WORK ORDER –
With the pictures left out, please return exactly the line holding "where , , and" and each following line until the entries end.

DATA FOR THIS TASK START

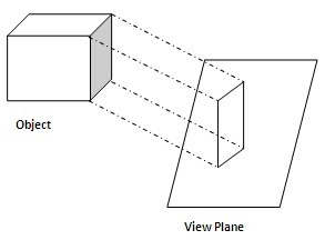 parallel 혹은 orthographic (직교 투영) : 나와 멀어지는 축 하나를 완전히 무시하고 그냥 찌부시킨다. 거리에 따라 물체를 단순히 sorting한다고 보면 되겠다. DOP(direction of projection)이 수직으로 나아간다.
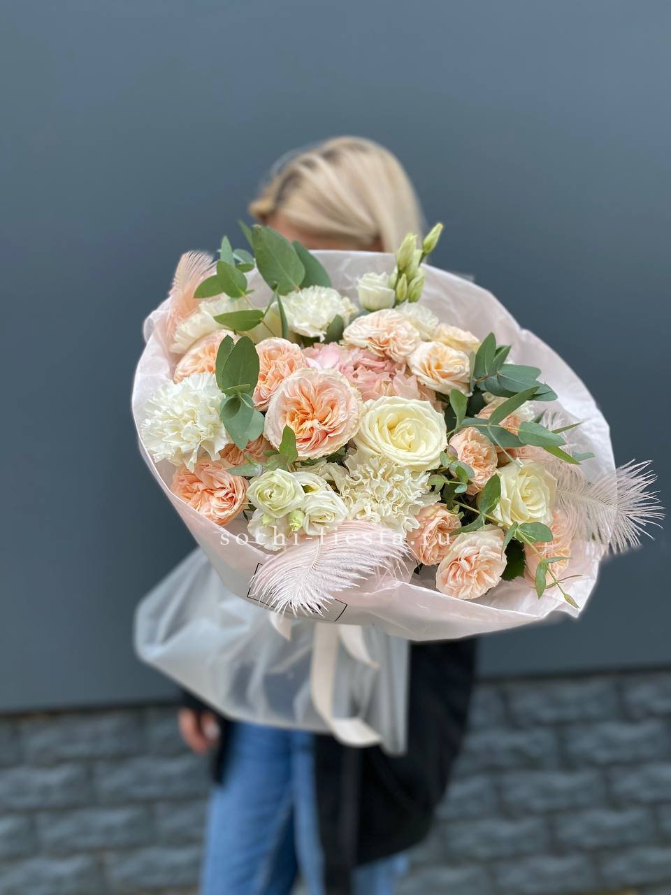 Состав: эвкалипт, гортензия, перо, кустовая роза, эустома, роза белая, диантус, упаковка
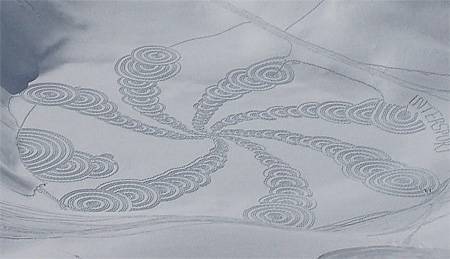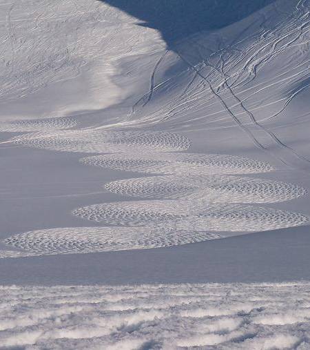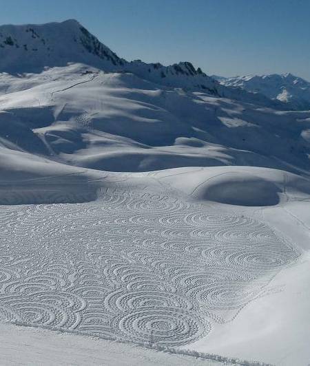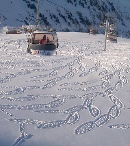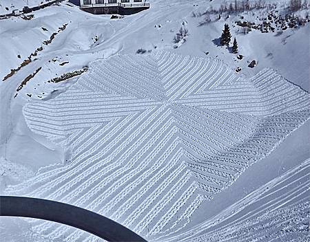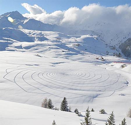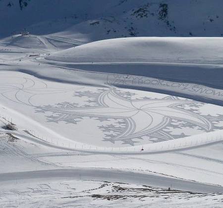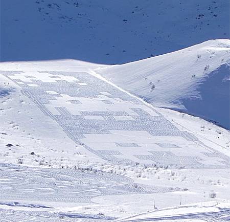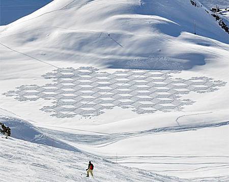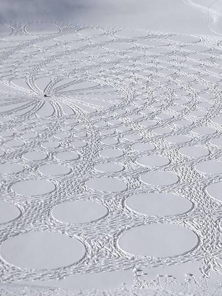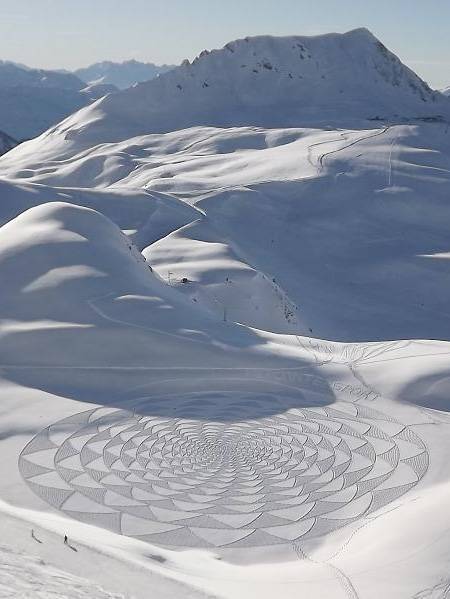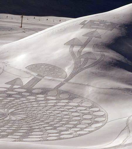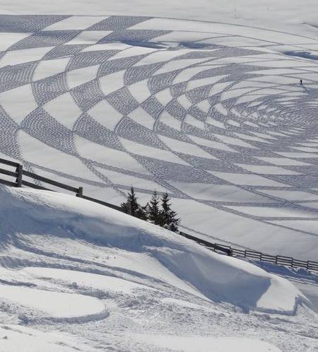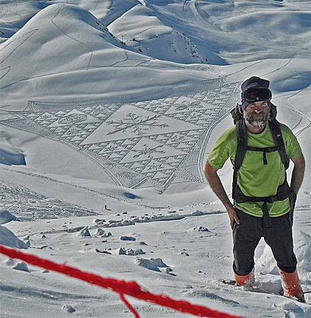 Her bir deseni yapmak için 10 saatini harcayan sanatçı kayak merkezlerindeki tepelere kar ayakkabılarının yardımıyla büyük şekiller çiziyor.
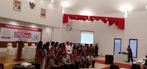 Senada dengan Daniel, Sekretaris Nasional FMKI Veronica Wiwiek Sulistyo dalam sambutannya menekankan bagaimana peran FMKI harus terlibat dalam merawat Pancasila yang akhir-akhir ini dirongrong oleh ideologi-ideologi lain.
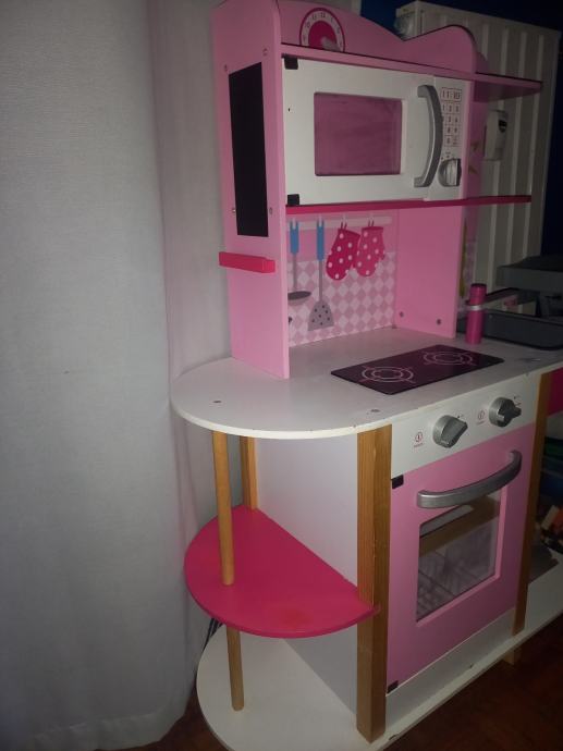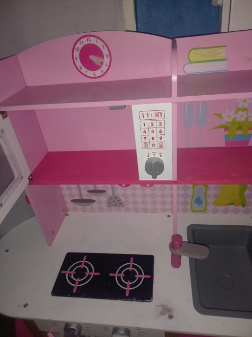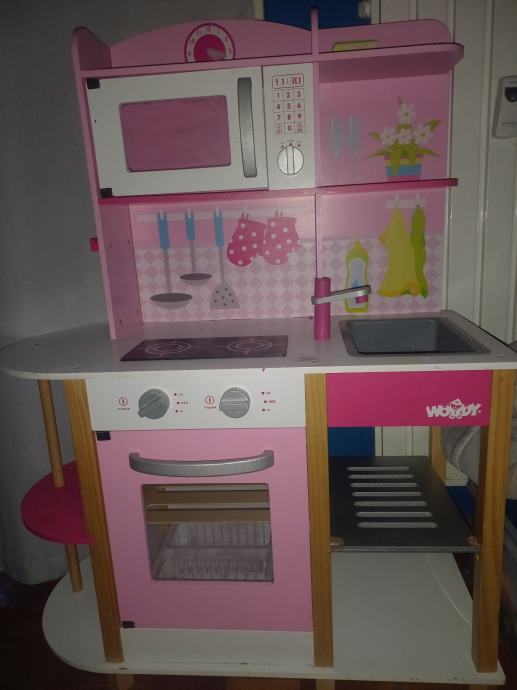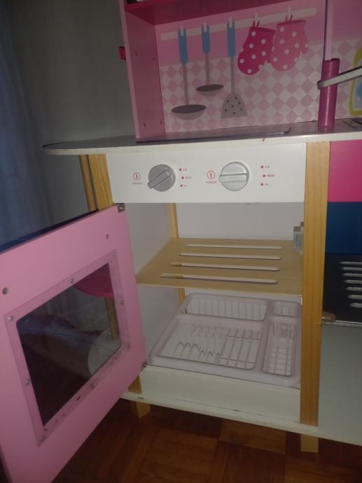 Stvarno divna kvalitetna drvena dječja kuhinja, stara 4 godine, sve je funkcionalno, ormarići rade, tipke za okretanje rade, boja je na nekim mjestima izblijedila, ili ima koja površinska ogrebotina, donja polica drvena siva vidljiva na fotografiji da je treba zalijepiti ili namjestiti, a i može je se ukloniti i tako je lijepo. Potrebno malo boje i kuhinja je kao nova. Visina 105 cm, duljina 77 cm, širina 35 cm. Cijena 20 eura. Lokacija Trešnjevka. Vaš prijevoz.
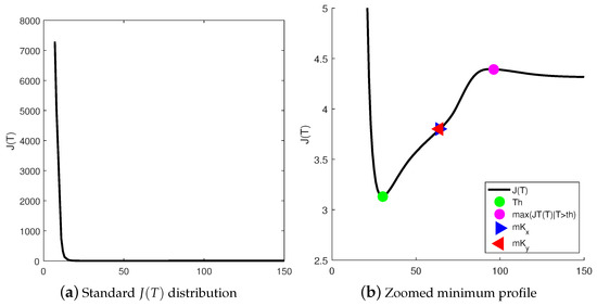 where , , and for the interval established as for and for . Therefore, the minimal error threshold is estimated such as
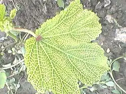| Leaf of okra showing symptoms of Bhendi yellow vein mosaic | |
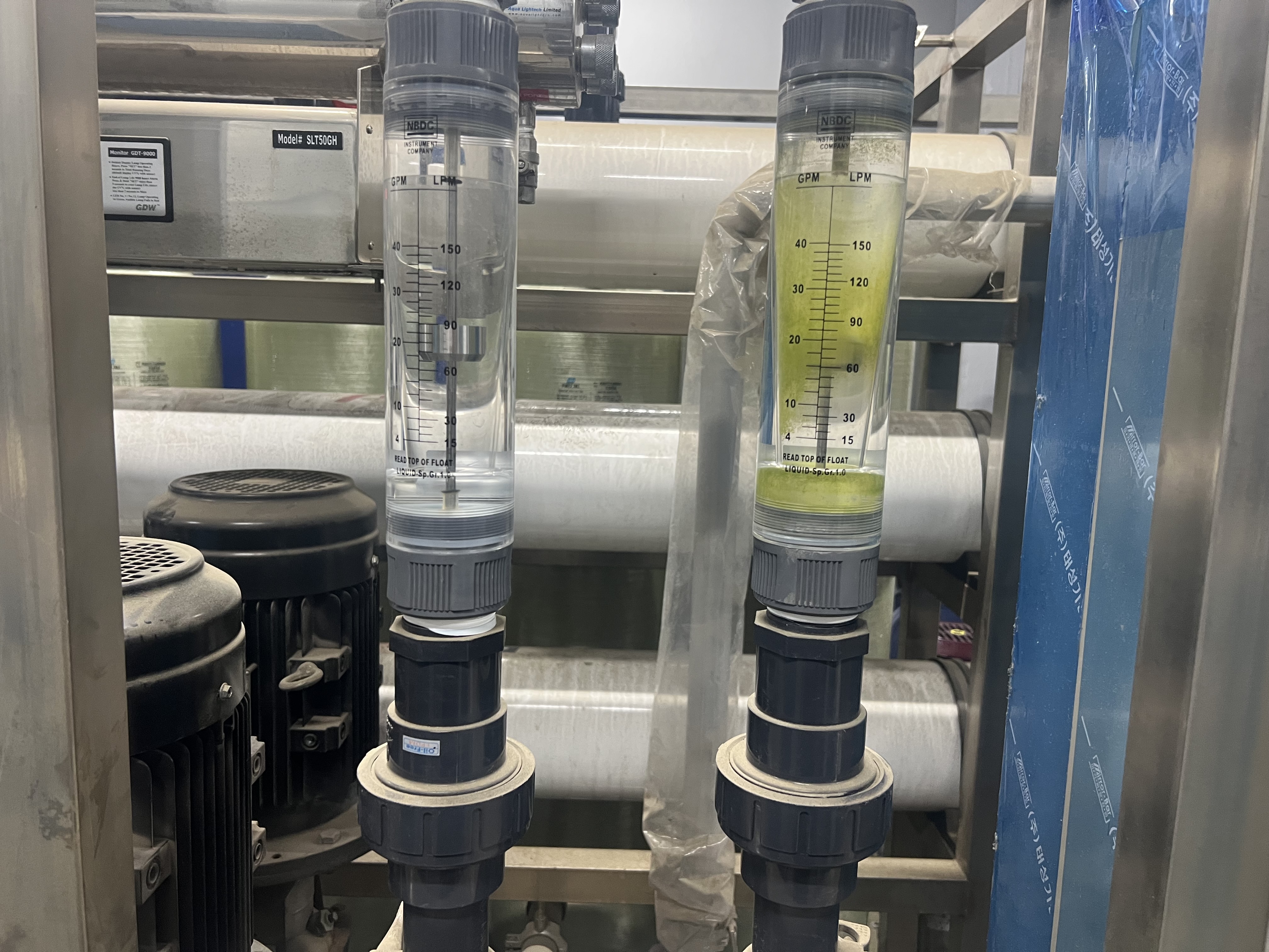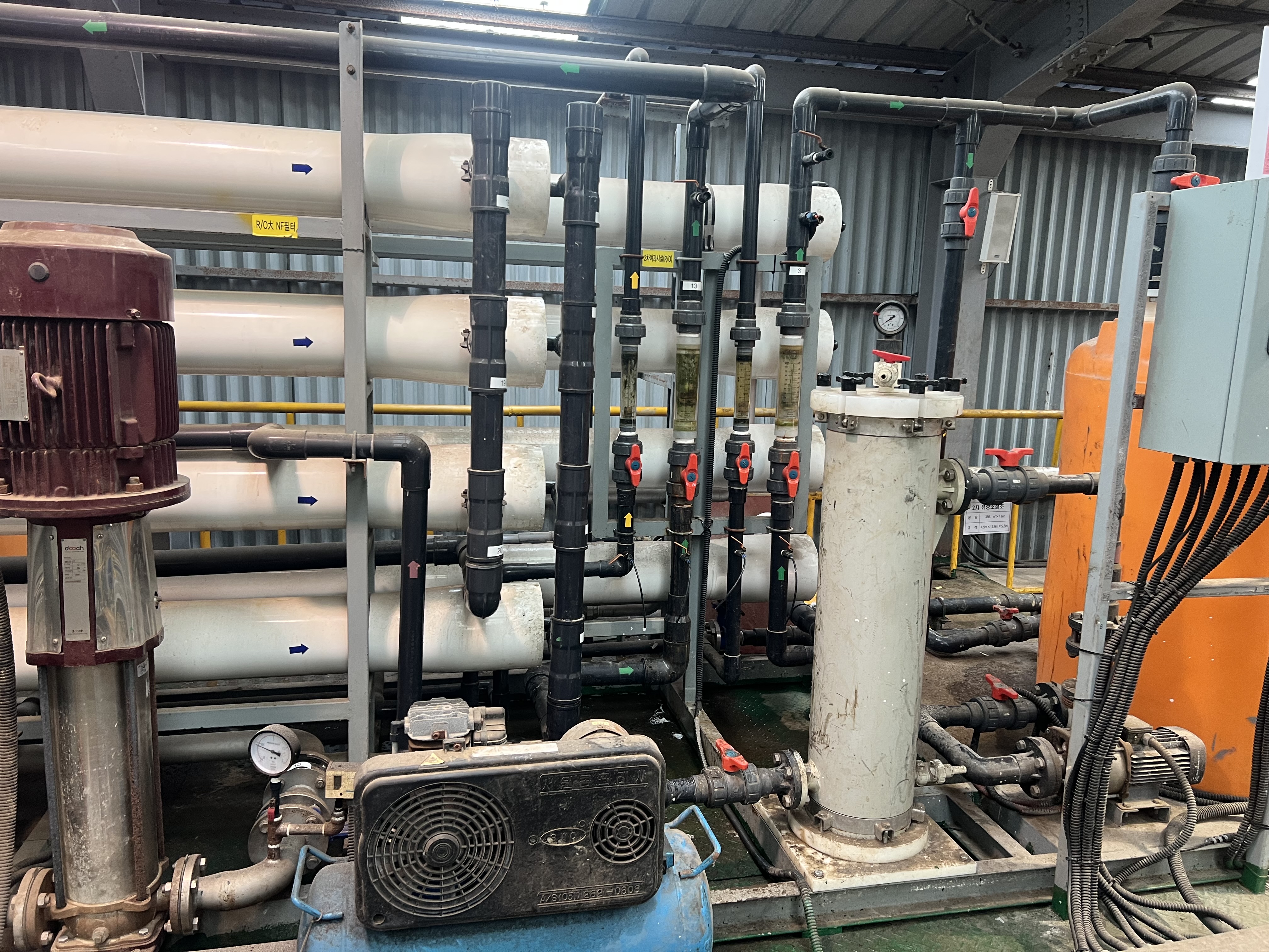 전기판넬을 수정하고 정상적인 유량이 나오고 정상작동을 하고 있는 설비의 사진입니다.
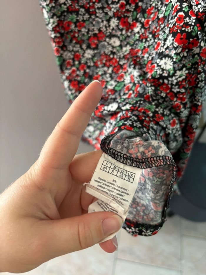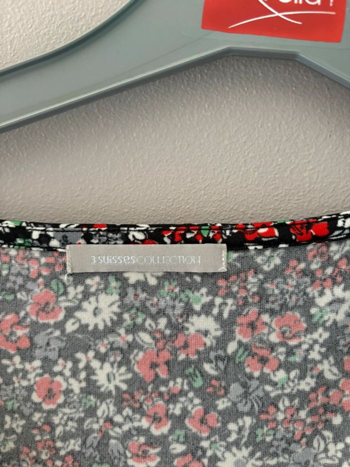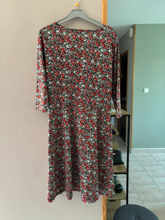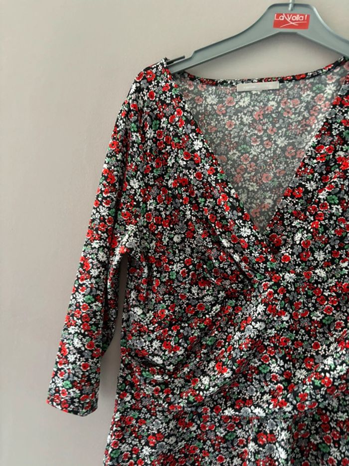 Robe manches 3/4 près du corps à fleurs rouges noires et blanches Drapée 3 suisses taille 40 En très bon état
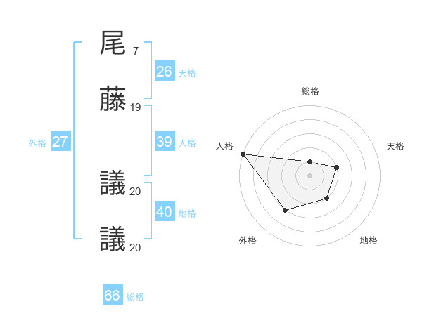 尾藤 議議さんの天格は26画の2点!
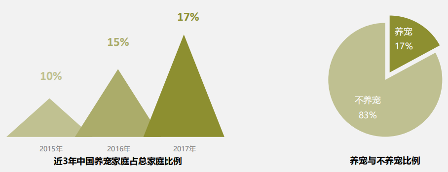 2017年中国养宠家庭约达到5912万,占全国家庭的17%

DATA FOR THIS TASK END

RESULT –
 where , , and for the interval established as for and for . Therefore, the minimal error threshold is estimated such as
| Leaf of okra showing symptoms of Bhendi yellow vein mosaic | |
 전기판넬을 수정하고 정상적인 유량이 나오고 정상작동을 하고 있는 설비의 사진입니다.
 Robe manches 3/4 près du corps à fleurs rouges noires et blanches Drapée 3 suisses taille 40 En très bon état
 尾藤 議議さんの天格は26画の2点!
 2017年中国养宠家庭约达到5912万,占全国家庭的17%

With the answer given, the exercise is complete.